Preferably, the compound is recovered as the hydrochloride salt with an appropriate recrystallization. Non-toxic and physiological compatible salts are particularly useful although other less desirable salts may have use in the processes of isolation and purification.

The compounds made by coupling an appropriate amino-substituted bicyclic structure with the cyanobenzoic acids produced according to the above invention, selected and used as disclosed herein or by reference, are believed to be useful for preventing or treating a condition characterized by undesired thrombosis, such as (a) the treatment or prevention of any thrombotically mediated acute coronary syndrome including myocardial infarction, unstable angina, refractory angina, occlusive coronary thrombus occurring post-thrombolytic therapy or post-coronary angioplasty, (b) the treatment or prevention of any thrombotically mediated cerebrovascular syndrome including embolic stroke, thrombotic stroke or transient ischemic attacks, (c) the treatment or prevention of any thrombotic syndrome occurring in the venous system including deep venous thrombosis or pulmonary embolus occurring either spontaneously or in the setting of malignancy, surgery or trauma, (d) the treatment or prevention of any coagulopathy including disseminated intravascular coagulation (including the setting of septic shock or other infection, surgery, pregnancy, trauma or malignancy and whether associated with multi-organ failure or not), thrombotic thrombocytopenic purpura, thromboanginitis obliterans, or thrombotic disease associated with heparin induced thrombocytopenia, (e) the treatment or prevention of thrombotic complications associated with extracorporeal circulation (e. g. renal dialysis, cardiopulmonary bypass or other oxygenation procedure, plasmapheresis), (f) the treatment or prevention of thrombotic complications associated with instrumentation (e. g. cardiac or other intravascular catheterization, intra-aortic balloon pump, coronary stent or cardiac valve), and (g) those involved with the fitting of prosthetic devices.
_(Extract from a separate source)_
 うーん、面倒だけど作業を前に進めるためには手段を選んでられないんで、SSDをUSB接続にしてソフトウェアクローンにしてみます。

Anticoagulant therapy is also useful to prevent coagulation of stored whole blood and to prevent coagulation in other biological samples for testing or storage. Thus the intermediates according to the present invention can be used to make compounds that can be added to or contacted with any medium containing or suspected to contain factor Xa and in which it is desired that blood coagulation be inhibited, e. g., when contacting the mammal's blood with material such as vascular grafts, stents, orthopedic prostheses, cardiac stents, valves and prostheses, extra corporeal circulation systems and the like.
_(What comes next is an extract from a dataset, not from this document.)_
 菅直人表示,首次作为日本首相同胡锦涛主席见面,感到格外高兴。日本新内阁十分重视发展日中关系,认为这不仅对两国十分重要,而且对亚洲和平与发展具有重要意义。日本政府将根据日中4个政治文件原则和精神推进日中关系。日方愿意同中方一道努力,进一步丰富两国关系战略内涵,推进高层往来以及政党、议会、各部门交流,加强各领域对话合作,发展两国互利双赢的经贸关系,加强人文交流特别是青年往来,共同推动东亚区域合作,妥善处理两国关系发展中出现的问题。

Without further description, it is believed that one of ordinary skill in the art can, using the preceding description, fully practice the invention as set forth above and in the following claims. The preferred embodiments detailed above are non-limiting in that one of ordinary skill in view of the above will readily envision other permutations and variations on the invention without departing from the principal concepts and spirit of the invention. Such permutations and variations are also within the scope of the present invention.